“Hode of the High Place” (1984) by Jessica Amanda Salmonson

For the first time he recognized that the possession of an object was never as ecstatic as the seeking; the reality never as pleasurable as the dream.
—Jessica Amanda Salmonson, “Hode of the High Place” in The Last Continent 201

There is no pithy word for stories that are inspired by Clark Ashton Smith, that partake of his style and essence, are reminiscent of his darker moods and most erotic intimations. When someone writes a tale that draws inspiration from H. P. Lovecraft, or involves him in some form, we call it “Lovecraftian.” For the Bard of Auburn, we might say “Smithian,” but there are many Smiths. “Klarkash-Tonian” is a bit of a mouthful. Nothing seems to succinctly embrace the whole concept.

It is a rare story where we have need of such a word.

“Hode of the High Place” is not set explicitly in Smith’s Zothique, or any other fantasy world we know. In mood, in device, in tone, it could well be. It fits neatly among the other neo-Zothique tales of The Last Continent: New Tales of Zothique (1999), one of the very few anthologies where authors are encouraged to play in Clark Ashton Smith’s imaginary worlds. Smith himself might well have smiled and recognized this story as a literary descendant, had he lived long enough to read it.

When considering those who follow Smith, there is a tendency toward pastiche, as in “The Vulviflora of Vuutsavek” (2008) by Charlotte Alchemilla Smythe. Salmonson is wise enough to not try and mimic the same tendency for arcane vocabulary, but there are elements of Smith that readers will recognize in the tone, the omniscient third-person perspective which is almost voyeuristic in following the triumphs and tragedies of this story. Then there is the erotic element.

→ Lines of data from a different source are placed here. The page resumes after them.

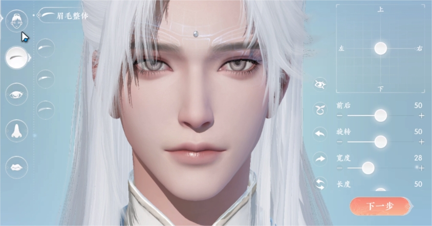 然后眉毛的数据则可以像上图这样去调整,上下左右的位置直接居中即可,然后剩下的四项数据分别调成“前后50”,“旋转50”,“宽度28”和“长度50”,这样的眉毛会让你的角色更加有神。
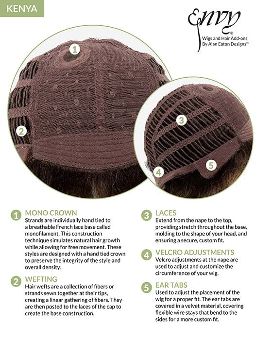 With a full head of bouncy curls, Kenya Wig by Envy has chin-length 'do gives you volume for days. Her mono crown construction gives this wig one of the most natural appearances available, so you can run your fingers through those curls without revealing a thing.
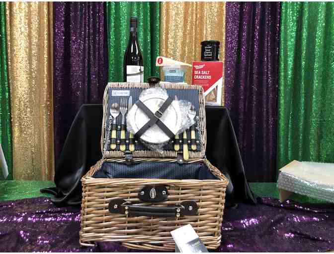 WICKER PICNIC BASKET WITH DISHES SILVERWARE AND CUPS FOR 2.
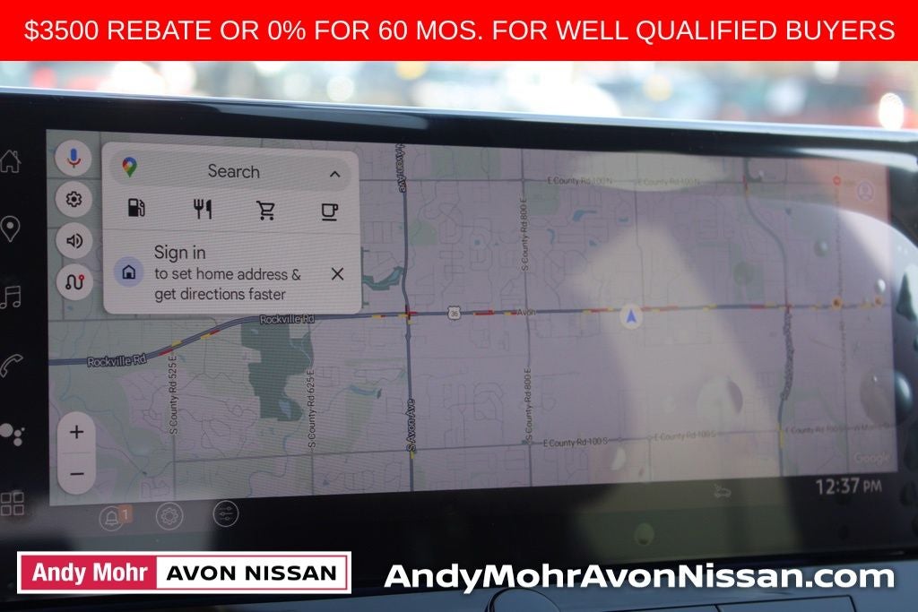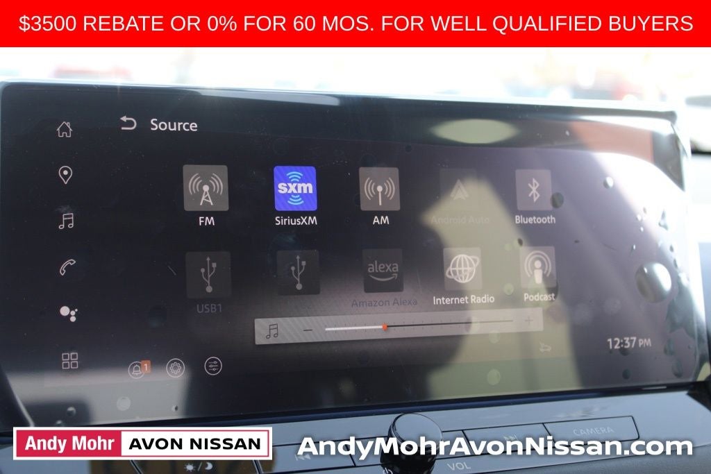 - Radio: AM/FM NissanConnect w/Navigation -inc: SiriusXM 360L, hybrid radio, enhanced voice recognition (one shot VDE, natural language understanding), Active Noise Cancellation, wireless Apple CarPlay, wireless Android Auto, 12.3" color HD display, Bluetooth®, 2 front USB type-C, Wi-Fi hotspot, Alexa Built-In, Google built-in: Google Assistant, Play Store, maps, data, NissanConnect Services powered by SiriusXM, SiriusXM Traffic and SiriusXM Travel Link
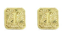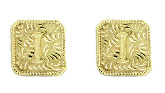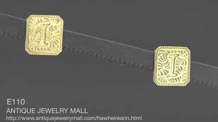 These genuine vintage Hawaiian Heirloom estate earrings are fashioned in 14K yellow gold delicately engraved with the initial letter "I". A lasting reminder of your glorious island vacation, these small gold stud earrings measure approximately 5/16 inch square and feature notched posts for security and comfortable 14K butterfly backs, perfect for anytime wear.
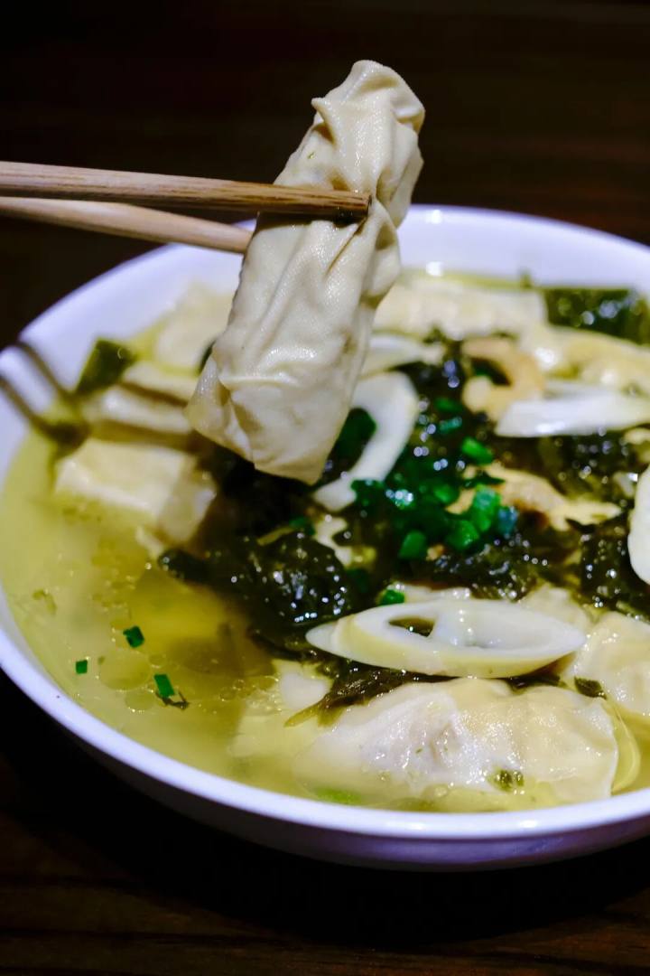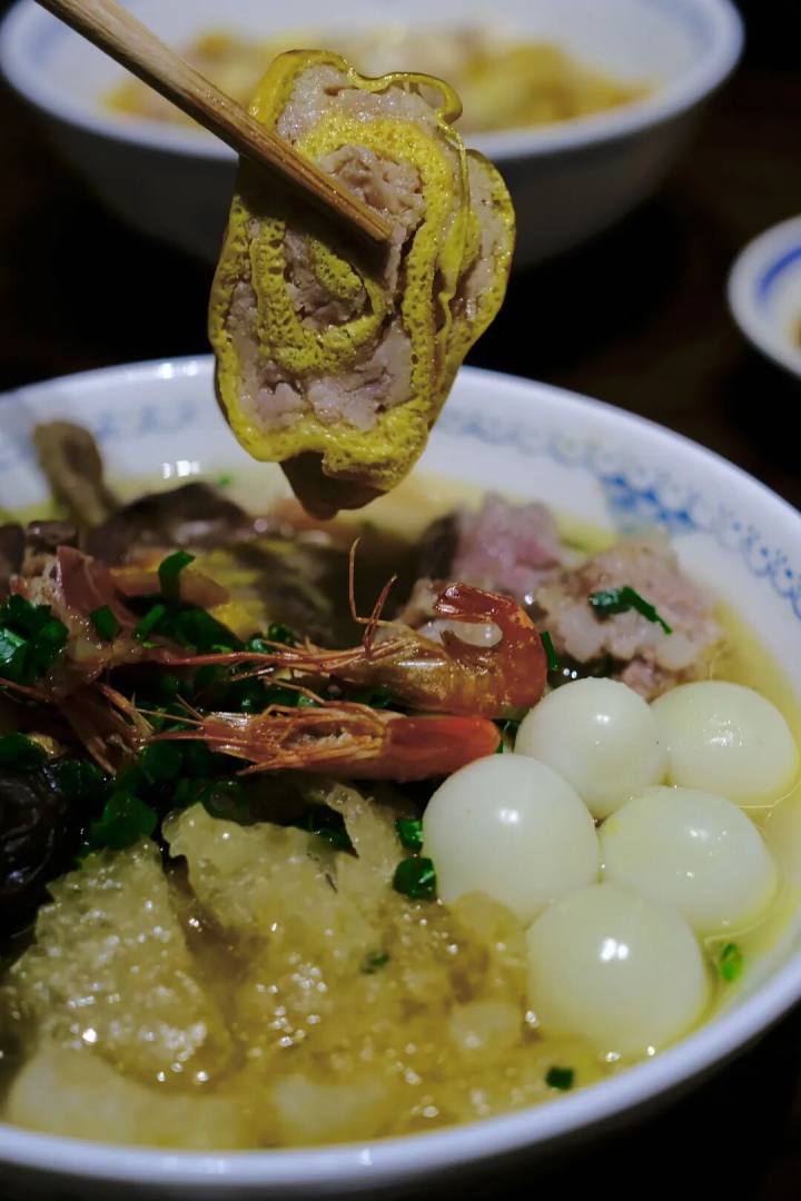 千张包也是自家厨师包,肉跟倒笃菜是九堡江边农户那里收来的,放几片春笋蒸蒸,蒸出来汤面有大大小小的油花,聚散流光。
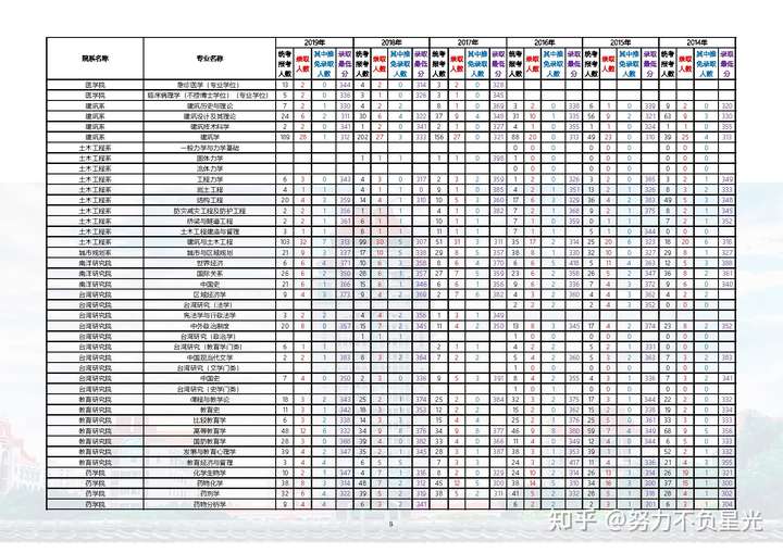 厦门大学各院系专业2014—2019年硕士生报考录取数据统计表
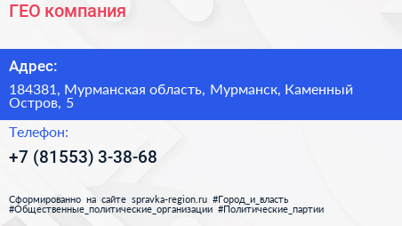 ГЕО, компания по адресу 184381, Мурманская область, Мурманск, Каменный Остров, 5 в дальнейшем Организация, размещена в следующих категориях:
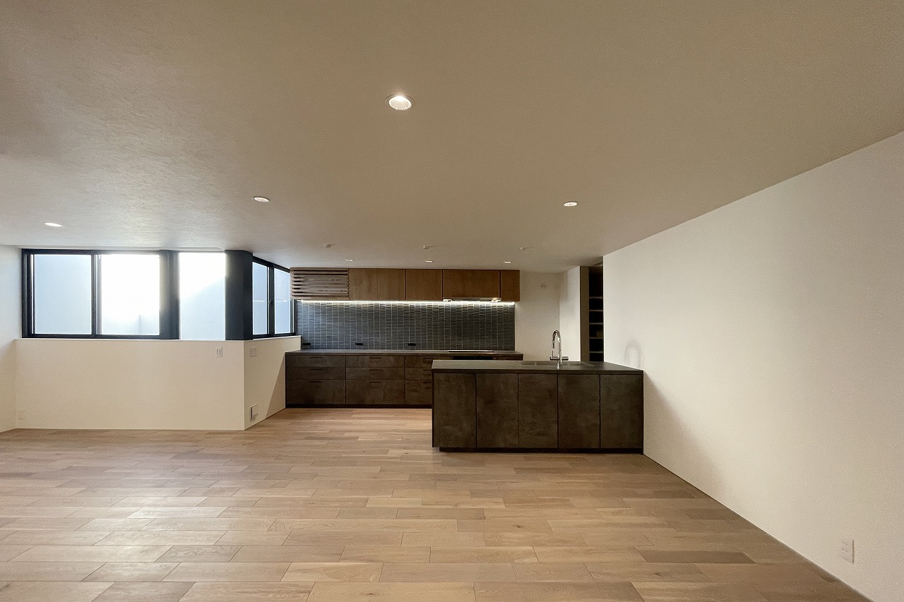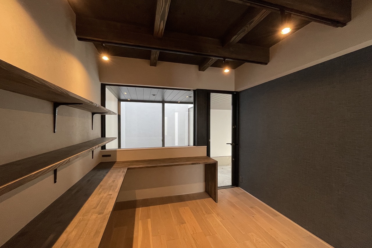 建物内部へ採光を取り入れています。三隅からの採光により建物全体に光が届き、外部から閉じつつも閉塞感なく、開放的
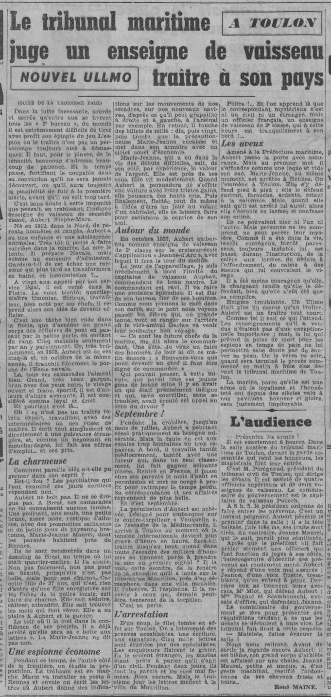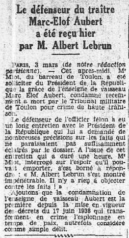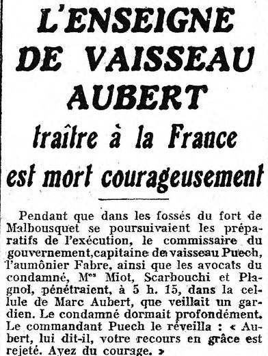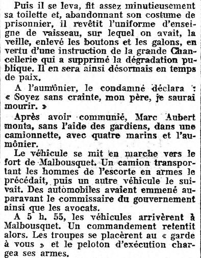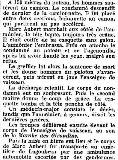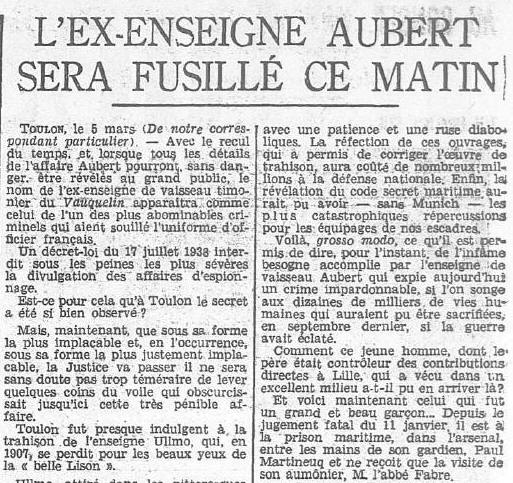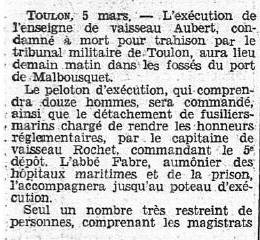 cet officier de marine fut fusillé à Toulon, le 6 mars 1939, pour
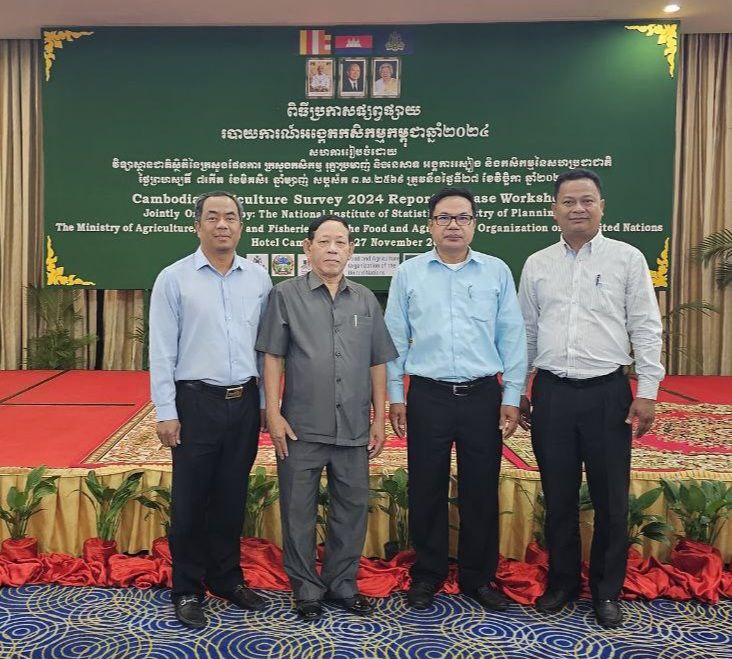 លោក ជា ស៊ីវត្រា ប្រធានមន្ទីរផែនការខេត្តកោះកុង អញ្ជើញចូលរួមក្នុងពិធីប្រកាសផ្សព្វផ្សាយរបាយការណ៍លទ្ធផលអង្កេតកសិកម្ម ឆ្នាំ២០២៤ រៀបចំដោយ វិទ្យាស្ថានជាតិស្ថិតិនៃក្រសួងផែនការ សហការជាមួយក្រសួងកសិកម្ម រុក្ខាប្រមាញ់ និងនេសាទ និងអង្គការស្បៀង និងកសិកម្មនៃសហប្រជាជាតិប្រចាំកម្ពុជា(FAO) ក្រោមអធិបតីភាពដ៏ខ្ពង់ខ្ពស់ ឯកឧត្តម ប៊ិន ត្រឈៃ រដ្ឋមន្ត្រីក្រសួងផែនការ ដោយមានការអញ្ជើញចូលរួមពីឯកឧត្តម រិន វីរៈ រដ្ឋលេខាធិការក្រសួងផែនការ និងជាប្រធានក្រុមប្រឹក្សាភិបាល វិទ្យាស្ថានជាតិស្ថិតិ លោកស្រី Rebekah Bell នាយិការអង្គការស្បៀង និងកសិកម្មនៃសហប្រជាជាតិ (FAO) ប្រចាំកម្ពុជា ឯកឧត្តម លោកជំទាវ លោក លោកស្រី តំណាងក្រសួង ស្ថាប័ន ដៃគូអភិវឌ្ឍ ភ្ញៀវជាតិ និងអន្តរជាតិ នៅសណ្ឋាគារកាំបូឌីយ៉ាណា។ ពិធីប្រកាសផ្សព្វផ្សាយនេះរៀបចំឡើងក្នុងគោលបំណងដើម្បីដាក់ឱ្យប្រើប្រាស់ជាផ្លូវការនូវរបាយការណ៍លទ្ធផលអង្កេតកសិកម្មកម្ពុជាឆ្នាំ២០២៤ ដល់ក្រសួងស្ថាប័នពាក់ព័ន្ធ អង្គការជាតិ អន្តរជាតិ និងអ្នកប្រើប្រាស់ផ្សេងទៀតសម្រាប់រៀបចំគោលនយោបាយអភិវឌ្ឍន៍វិស័យកសិកម្ម និងគោលដៅអភិវឌ្ឍន៍ប្រកបដោយចីរភាពរបស់រាជរដ្ឋាភិបាលកម្ពុជា។
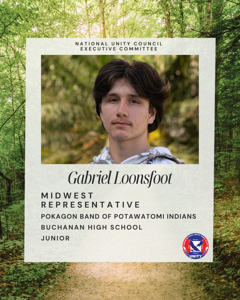 As the Midwest Regional Representative on the National UNITY Council Executive Committee, Gabriel helps represent the UNITY Network so that common concerns are studied and addressed with a positive and unified voice. He works with leaders across the country to strengthen youth councils, create spaces for meaningful dialogue, and ensure the voices of Midwest Native youth are heard at the national level. By representing his community in both UNITY’s national network and the cultural heart of the Potawatomi Gathering, Gabriel continues to uplift Native youth, foster unity, and carry forward the traditions that connect past, present, and future generations.
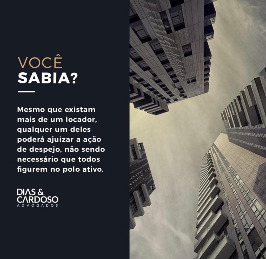 A ação de despejo não exige a formação de litisconsórcio ativo necessário. STJ. 3ª Turma. REsp 1.737.476-SP, Rel. Min. Nancy Andrighi, julgado em 04/02/2020.
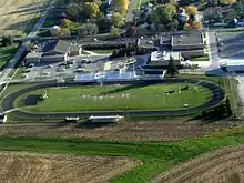 The landscape surrounding the city consists of rolling hills dotted with conventional farm buildings and livestock as well as row crop farming systems. Some suburban-style subdivisions lie a short distance to the south.
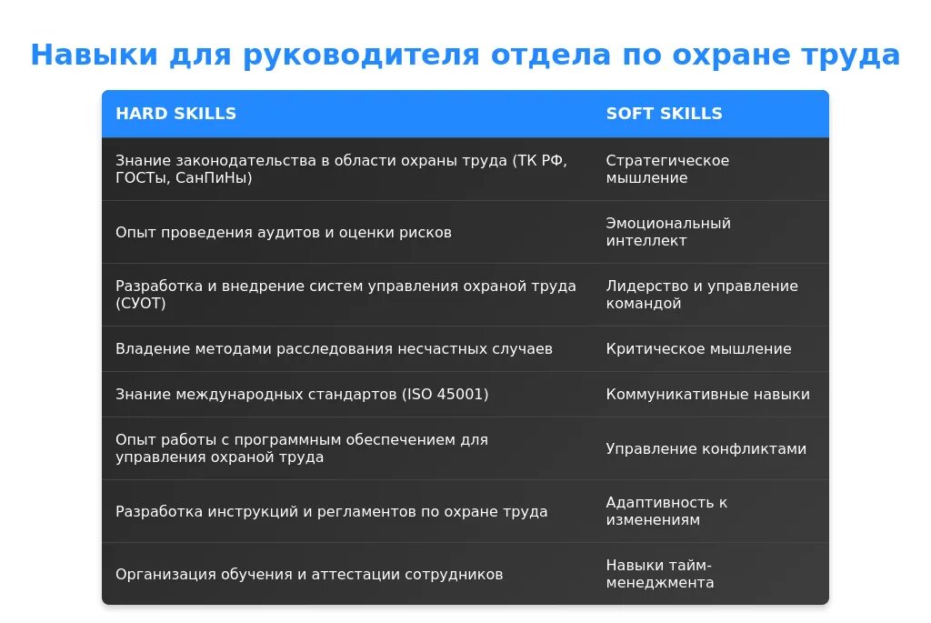 Технические навыки для руководителя отдела по охране труда

A gelatinous mass flowed over him, oblivious to his thrashing, smothering him as the water had smothered the flames. Then he felt something expected and pleasant: gentle, rhythmic constrictions around his genitals.
—Jessica Amanda Salmonson, “Hode of the High Place” in The Last Continent 197

One of the hallmarks of Smith’s fiction was a fascination with scenes of unnatural carnal pleasures, necrophilia (or perhaps more accurately, a love that extends beyond death), assignations with witches, lamia, and succubi, etc. It isn’t in every work, and it isn’t in any sense explicit by contemporary terms, even his play The Dead Will Cuckold You (1951) is concerned with character and relationships rather than actually describing the actions of genitalia. Some of Smith’s stories which could only be published in expurgated form during his lifetime, such as “Mother of Toads” (Weird Tales Jul 1938), are quaint in terms of actual sexual content, though still potent in terms of image, plot, and suggestion.

This reticence toward explicit sexual description in Smith’s fiction, and his frustration with the standards of his day that censored even that, can be easily understood. Clark Ashton Smith was writing weird fiction of which sex was a part, but not weird erotica or pornography with a weird setting. The point of Smith’s stories was not to sexually excite the reader, not in the way of Victorian erotica like The Way of a Man With A Maid. The erotic element was always intimately tied to the weirdness in some fashion, as with the work of Arthur Machen. Perhaps Smith might have been more explicit if editors and laws had allowed it, but there was no way it could have been published in the 1930s under existing censorship laws.

Contemporary writers don’t operate under the same restrictions. It is much more acceptable these days to be much more explicit about sexual relations. Salmonson could no doubt have gotten away with far more sexual content in this story; other tales are more explicit. Yet this is not a case where the point is to titillate the reader; it is a necessary plot point for the story. Ultimately, I would say that “Hode of the High Place” shows admirable restraint, getting just explicit enough to cross that conceptual line between “suitable for young adults” to “suitable for adult audiences,” but not becoming particularly lurid or distracting from the rest of the story…indeed, the brief sexual scenes are ultimately critical.

It was fashioned in the shape of a bone with a serpent wrapped around, the universal insignia used on jars of poison, pictured on no-trespassing signs to prove the warning adamant, and marked on maps to show where wayfarers had best not go.
—Jessica Amanda Salmonson, “Hode of the High Place” in The Last Continent 206

If “Hode of the High Place” is not set in Zothique itself, it still feels like it could be set beneath a dying sun on a dying world, one last tragedy being acted out with all of its follies and its terrible inevitability.

Jessica Amanda Salmonson’s “Hode of the High Place” was first published in Beyond Lands of Never (1984), the second volume of the fantasy Lands of Never (1983). It was republished in The Last Continent: New Tales of Zothique (1999), and in her collection Dark Tales (2002).


Bobby Derie is the author of Weird Talers: Essays on Robert E. Howard & Others (2019) and Sex and the Cthulhu Mythos (2014).